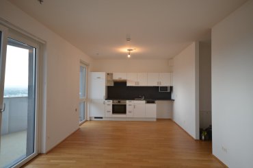 Zur Vermietung dürfen wir eine exklusive 2-Zimmer-Wohnung anbieten, dieses Mietobjekt liegt im 24. Stockwerk und besticht mit seiner wunderbaren Raumaufteilung und selbstverständlich mit der beeindruckenden Fernsicht. Eine neuwertige weiße Edelmarkenküche mit Geräten und Waschmaschinenanschluss stehen zur Verfügung. Die Loggia/Balkon, mit einer Aussenfläche von ca. 14 m², lädt hierzu zur Betrachtung der sagenhaften Sonnenuntergänge Wiens ein.
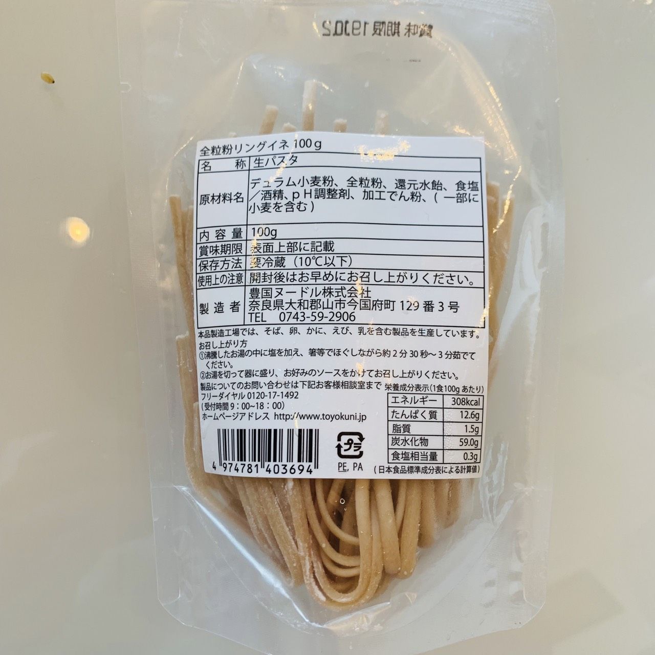 全粒粉生パスタ(リングイネ)はスーパーで200円くらいで売っていたもの
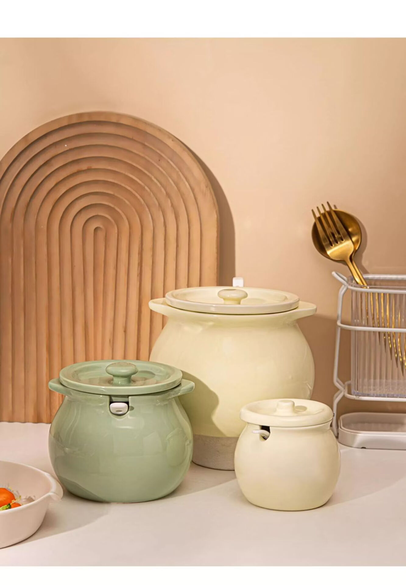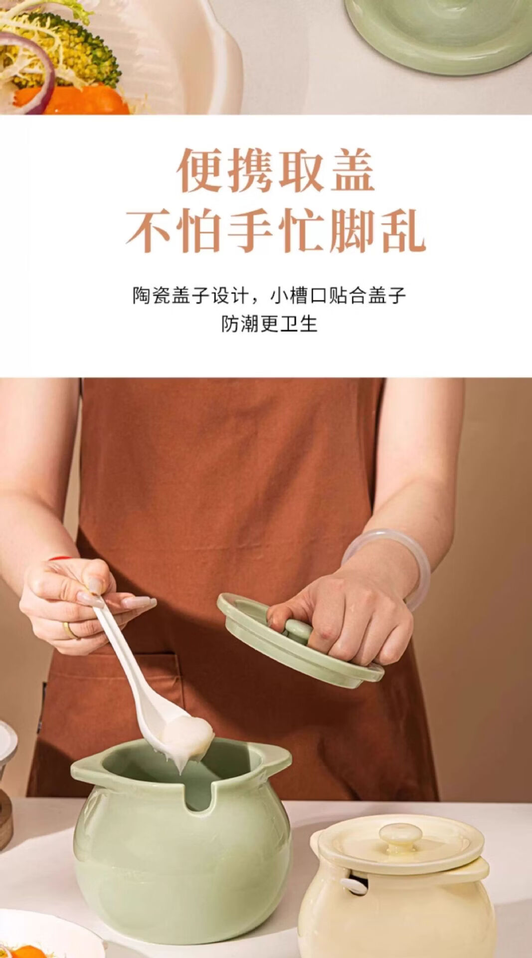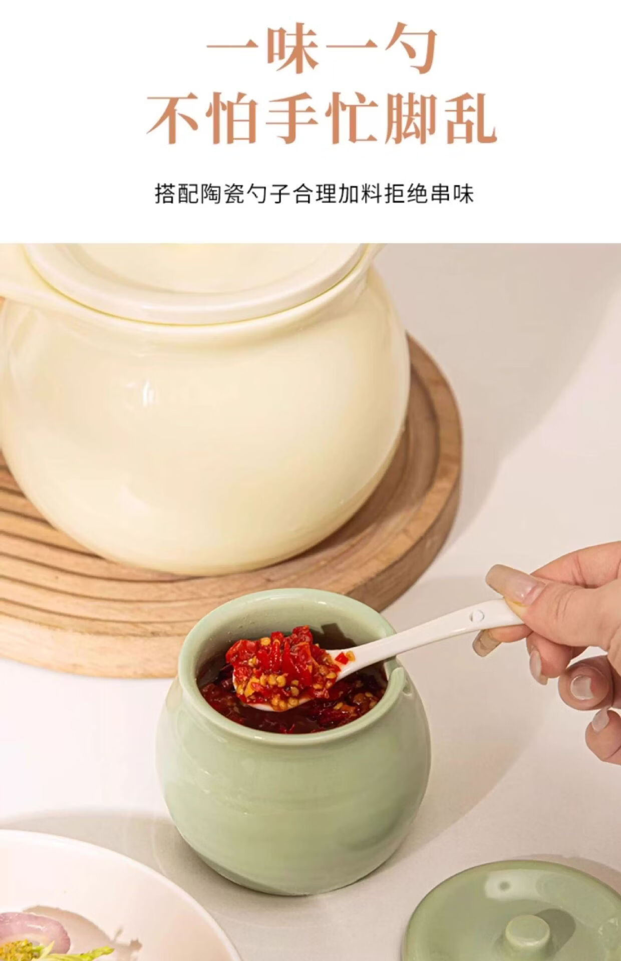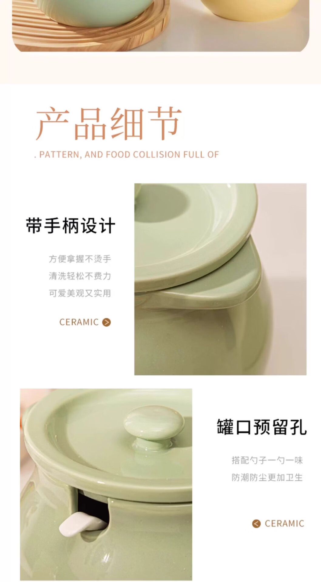 BYX lard jar household high temperature resistant ceramic jar with lid kitchen oil salt seasoning jar meat oil chili oil red oil storage jar milk green small size 750ml (free special ceramic spoon)
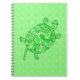 Mixed media digital graphic of a turtle in a fractal pinwheel pattern against an arabesque tiled background - shades of green ranging from pastel lime to deep emerald
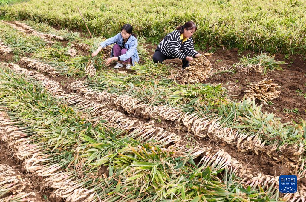 11月7日,在貴州省銅仁市玉屏侗族自治縣平溪街道馬頭田村,農民在田間收獲生姜。
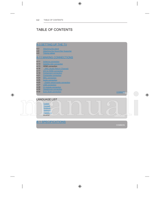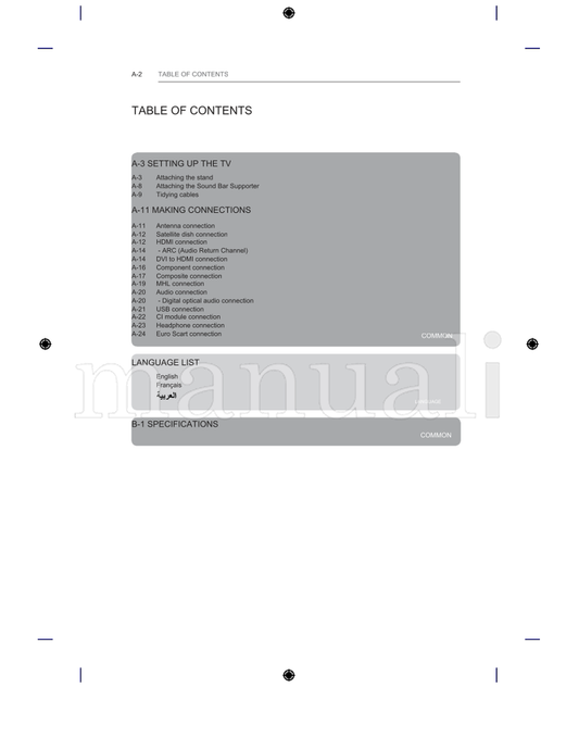 Find downloadable PDF operating and service manuals for your TV at Manuali. Access detailed guides for troubleshooting, maintenance, and maximizing your TV’s performance. Instant downloads available for a wide range of brands and models. Explore our collection now!
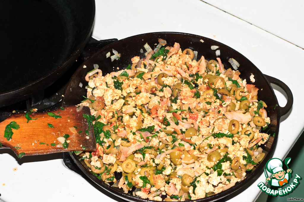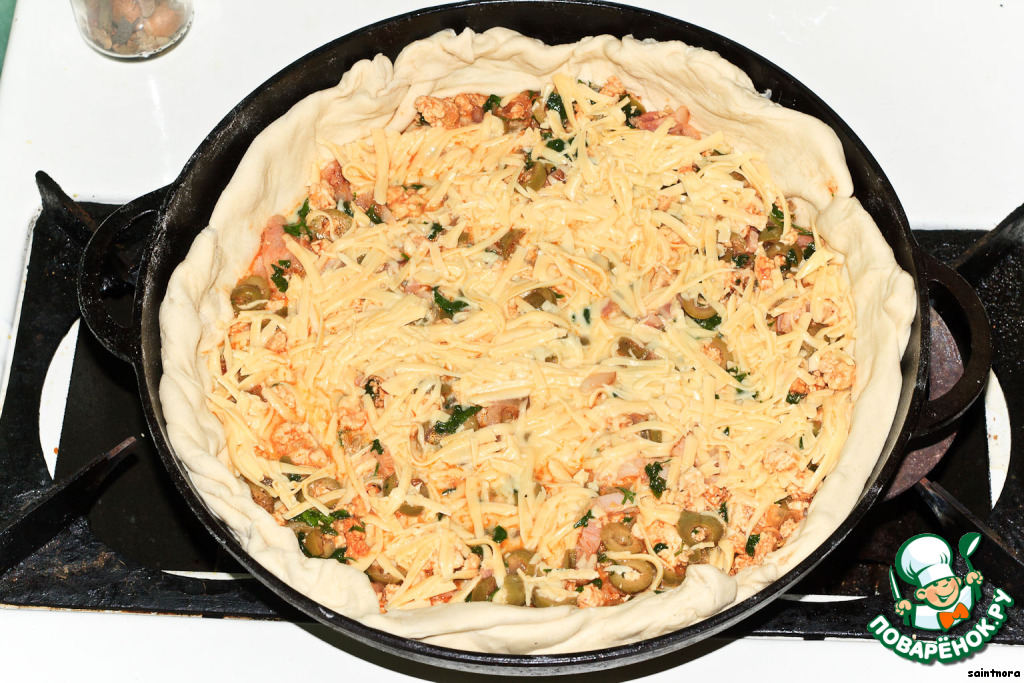 Раскатать тесто и выстлать им форму для выпекания (в моем случае сковорода)), сделать бортики в 4 см высотой. Выложить начинку и залить яичной смесью Выпекать 45 минут в духовке при 200 градусах.
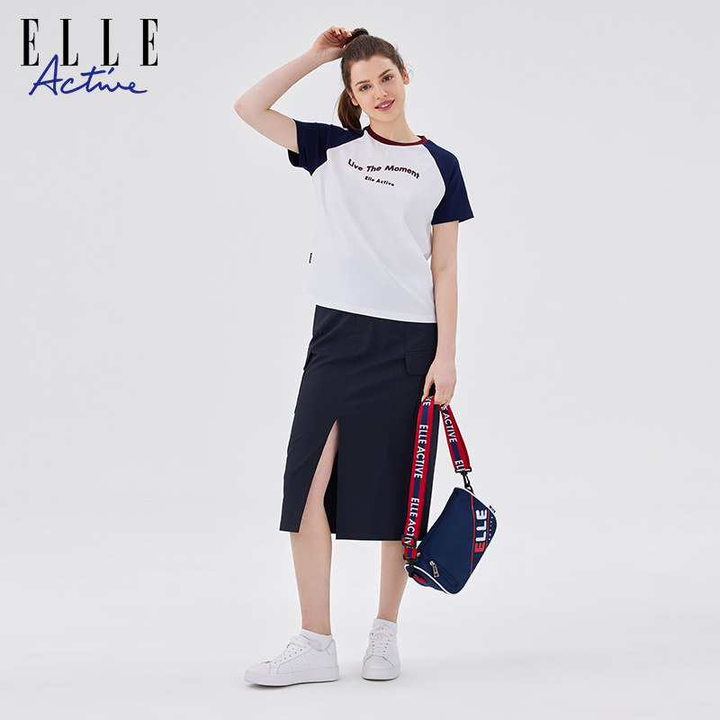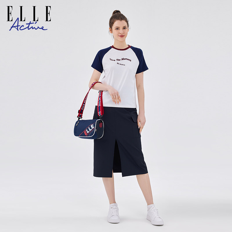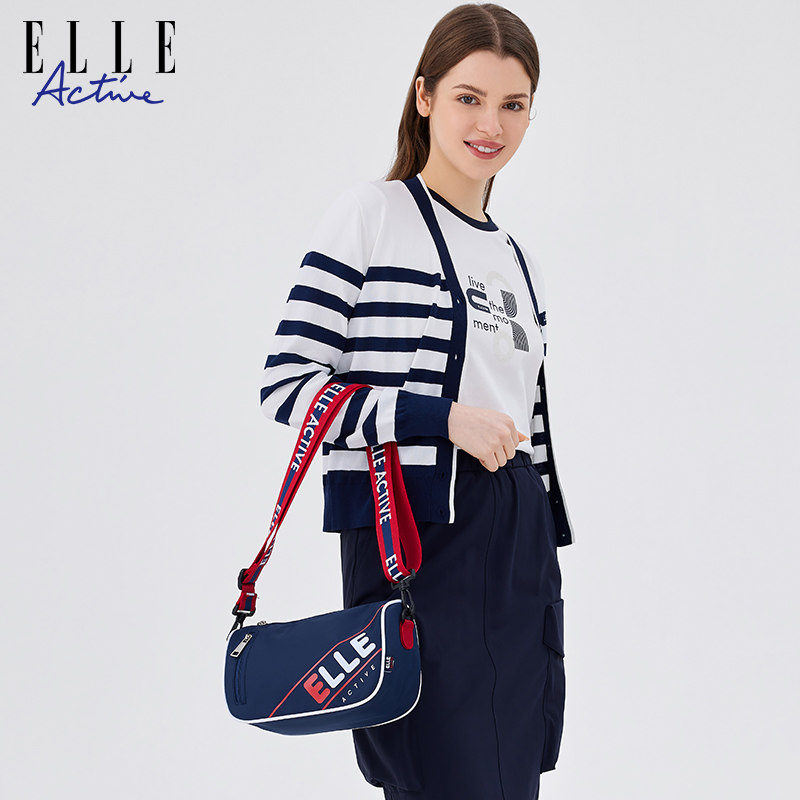 ELLE Active新款女包拼色字母印花尼龙运动斜挎包休闲百搭单肩包
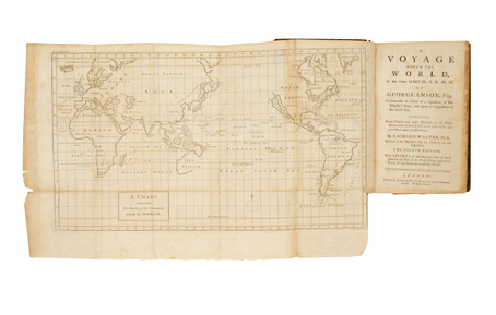 Subasta 714, Lote # 159 G - Anson, George. A Voyage Round the World, in the Years MDCCXL, I, II, III, IV. London: Printed for John and Paul Knapton, 1748. 8o. marquilla, 11 h. + 548 p. Compiled from his Papers and Materials of the Right Honourable George Lord Anson, and published under his Direction. By Richard Walter, M. A. Chaplain of His Majesty's Ship the Centurion, in that Expedition. The Fourth Edition. With Charts of the Southern Part of South America, of Part of the Pacific Ocean, and of the Track of the Centurion round the World. Con tres mapas plegados, uno con rasgaduras en dobleces. Cajos quebrados, sin cofia, sin pie, lomo y pastas gastadas. Encuadernado en pasta dura, en piel. En el mismo año de 1748 se realizaron las primeras cuatro ediciones. Estimado $9,000-12,000
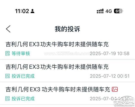 吉利几何EX3功夫牛购车时未提供随车充
--------------------------------------------------
# [How to complete this task]
What to print is the stretch of entries from the line with "Mixed media digital" up to and including the line with "ELLE Active新款女包拼色字母印花尼龙运动斜挎包休闲百搭单肩包". Please print it exactly and leave out the pictures.

# [Result]
 Mixed media digital graphic of a turtle in a fractal pinwheel pattern against an arabesque tiled background - shades of green ranging from pastel lime to deep emerald
 11月7日,在貴州省銅仁市玉屏侗族自治縣平溪街道馬頭田村,農民在田間收獲生姜。
 Find downloadable PDF operating and service manuals for your TV at Manuali. Access detailed guides for troubleshooting, maintenance, and maximizing your TV’s performance. Instant downloads available for a wide range of brands and models. Explore our collection now!
 Раскатать тесто и выстлать им форму для выпекания (в моем случае сковорода)), сделать бортики в 4 см высотой. Выложить начинку и залить яичной смесью Выпекать 45 минут в духовке при 200 градусах.
 ELLE Active新款女包拼色字母印花尼龙运动斜挎包休闲百搭单肩包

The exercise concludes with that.